#### Exercise data
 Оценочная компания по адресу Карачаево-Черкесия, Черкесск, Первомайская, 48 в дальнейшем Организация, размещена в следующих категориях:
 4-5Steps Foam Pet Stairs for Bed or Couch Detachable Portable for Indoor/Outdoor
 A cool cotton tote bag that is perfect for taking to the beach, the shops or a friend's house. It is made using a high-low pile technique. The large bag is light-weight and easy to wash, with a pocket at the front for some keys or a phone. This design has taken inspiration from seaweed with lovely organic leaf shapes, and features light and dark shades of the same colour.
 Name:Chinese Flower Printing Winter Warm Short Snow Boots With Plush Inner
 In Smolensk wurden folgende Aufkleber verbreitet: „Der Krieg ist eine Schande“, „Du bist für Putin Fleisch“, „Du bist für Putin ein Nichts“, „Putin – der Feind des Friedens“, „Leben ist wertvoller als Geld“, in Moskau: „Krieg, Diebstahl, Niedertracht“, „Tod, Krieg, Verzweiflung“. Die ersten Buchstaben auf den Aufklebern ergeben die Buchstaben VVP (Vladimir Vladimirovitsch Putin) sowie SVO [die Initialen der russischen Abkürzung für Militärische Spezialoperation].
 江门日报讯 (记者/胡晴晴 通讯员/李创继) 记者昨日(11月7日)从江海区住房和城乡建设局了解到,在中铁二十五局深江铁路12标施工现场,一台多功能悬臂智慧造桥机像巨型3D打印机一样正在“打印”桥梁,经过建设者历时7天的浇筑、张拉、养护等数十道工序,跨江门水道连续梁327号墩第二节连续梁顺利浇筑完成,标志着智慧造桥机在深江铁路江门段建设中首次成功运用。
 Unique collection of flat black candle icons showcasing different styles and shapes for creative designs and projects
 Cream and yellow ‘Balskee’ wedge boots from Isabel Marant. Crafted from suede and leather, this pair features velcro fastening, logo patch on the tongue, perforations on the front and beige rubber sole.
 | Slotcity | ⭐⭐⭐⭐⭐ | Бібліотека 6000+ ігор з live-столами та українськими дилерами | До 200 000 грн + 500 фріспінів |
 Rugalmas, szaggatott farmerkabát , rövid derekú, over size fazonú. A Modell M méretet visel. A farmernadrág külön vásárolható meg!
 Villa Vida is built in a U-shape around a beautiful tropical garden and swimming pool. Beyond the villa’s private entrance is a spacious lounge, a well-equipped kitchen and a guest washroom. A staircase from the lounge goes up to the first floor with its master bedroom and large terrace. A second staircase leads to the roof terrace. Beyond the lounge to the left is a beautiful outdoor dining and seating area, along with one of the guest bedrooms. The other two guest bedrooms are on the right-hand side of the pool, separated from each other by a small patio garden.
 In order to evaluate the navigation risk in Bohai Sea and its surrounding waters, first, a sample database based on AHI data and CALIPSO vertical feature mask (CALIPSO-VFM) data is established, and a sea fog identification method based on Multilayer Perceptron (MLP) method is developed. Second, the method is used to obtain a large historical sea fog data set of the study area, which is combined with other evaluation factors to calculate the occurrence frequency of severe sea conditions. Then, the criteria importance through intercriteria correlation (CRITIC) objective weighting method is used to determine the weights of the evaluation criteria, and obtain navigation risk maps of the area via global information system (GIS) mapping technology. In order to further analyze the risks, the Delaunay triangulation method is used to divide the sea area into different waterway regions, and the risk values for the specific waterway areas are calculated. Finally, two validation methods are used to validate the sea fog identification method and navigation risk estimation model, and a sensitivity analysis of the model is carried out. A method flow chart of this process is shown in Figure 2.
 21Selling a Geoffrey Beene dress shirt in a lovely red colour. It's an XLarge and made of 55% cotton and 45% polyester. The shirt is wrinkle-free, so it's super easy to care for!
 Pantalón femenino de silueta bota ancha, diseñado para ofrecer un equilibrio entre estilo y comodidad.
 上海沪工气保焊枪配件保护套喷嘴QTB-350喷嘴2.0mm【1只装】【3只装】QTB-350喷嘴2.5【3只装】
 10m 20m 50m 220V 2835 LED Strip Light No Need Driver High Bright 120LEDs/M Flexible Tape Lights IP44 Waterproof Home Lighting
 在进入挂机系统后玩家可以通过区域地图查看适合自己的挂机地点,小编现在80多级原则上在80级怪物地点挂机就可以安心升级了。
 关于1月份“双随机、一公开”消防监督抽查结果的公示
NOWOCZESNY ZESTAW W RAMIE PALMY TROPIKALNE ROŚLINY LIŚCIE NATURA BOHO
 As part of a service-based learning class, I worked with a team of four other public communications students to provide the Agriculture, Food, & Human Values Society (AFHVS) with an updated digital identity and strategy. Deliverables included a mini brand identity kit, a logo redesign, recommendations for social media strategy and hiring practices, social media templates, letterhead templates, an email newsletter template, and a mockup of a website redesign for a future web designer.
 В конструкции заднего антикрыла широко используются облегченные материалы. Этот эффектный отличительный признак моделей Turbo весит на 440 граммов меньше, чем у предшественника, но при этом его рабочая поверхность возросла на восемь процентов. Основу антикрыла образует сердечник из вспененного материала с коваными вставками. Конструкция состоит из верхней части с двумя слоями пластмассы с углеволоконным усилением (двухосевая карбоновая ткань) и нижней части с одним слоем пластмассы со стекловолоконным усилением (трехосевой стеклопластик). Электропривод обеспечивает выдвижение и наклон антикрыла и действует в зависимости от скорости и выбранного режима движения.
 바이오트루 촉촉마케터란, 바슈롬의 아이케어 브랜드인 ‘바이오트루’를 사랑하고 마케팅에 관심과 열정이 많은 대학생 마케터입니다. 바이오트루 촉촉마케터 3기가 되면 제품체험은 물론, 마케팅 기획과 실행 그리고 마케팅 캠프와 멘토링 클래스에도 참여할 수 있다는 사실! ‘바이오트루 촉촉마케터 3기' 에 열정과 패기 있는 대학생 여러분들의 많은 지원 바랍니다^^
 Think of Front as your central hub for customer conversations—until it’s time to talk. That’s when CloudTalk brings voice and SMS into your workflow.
########
— The problem —
Out of the data above, transcribe exactly and only the lines starting with the line that has "In order to evaluate" and going on through the line that has "Pantalón femenino de", both included.

— Task answer —
 In order to evaluate the navigation risk in Bohai Sea and its surrounding waters, first, a sample database based on AHI data and CALIPSO vertical feature mask (CALIPSO-VFM) data is established, and a sea fog identification method based on Multilayer Perceptron (MLP) method is developed. Second, the method is used to obtain a large historical sea fog data set of the study area, which is combined with other evaluation factors to calculate the occurrence frequency of severe sea conditions. Then, the criteria importance through intercriteria correlation (CRITIC) objective weighting method is used to determine the weights of the evaluation criteria, and obtain navigation risk maps of the area via global information system (GIS) mapping technology. In order to further analyze the risks, the Delaunay triangulation method is used to divide the sea area into different waterway regions, and the risk values for the specific waterway areas are calculated. Finally, two validation methods are used to validate the sea fog identification method and navigation risk estimation model, and a sensitivity analysis of the model is carried out. A method flow chart of this process is shown in Figure 2.
 21Selling a Geoffrey Beene dress shirt in a lovely red colour. It's an XLarge and made of 55% cotton and 45% polyester. The shirt is wrinkle-free, so it's super easy to care for!
 Pantalón femenino de silueta bota ancha, diseñado para ofrecer un equilibrio entre estilo y comodidad.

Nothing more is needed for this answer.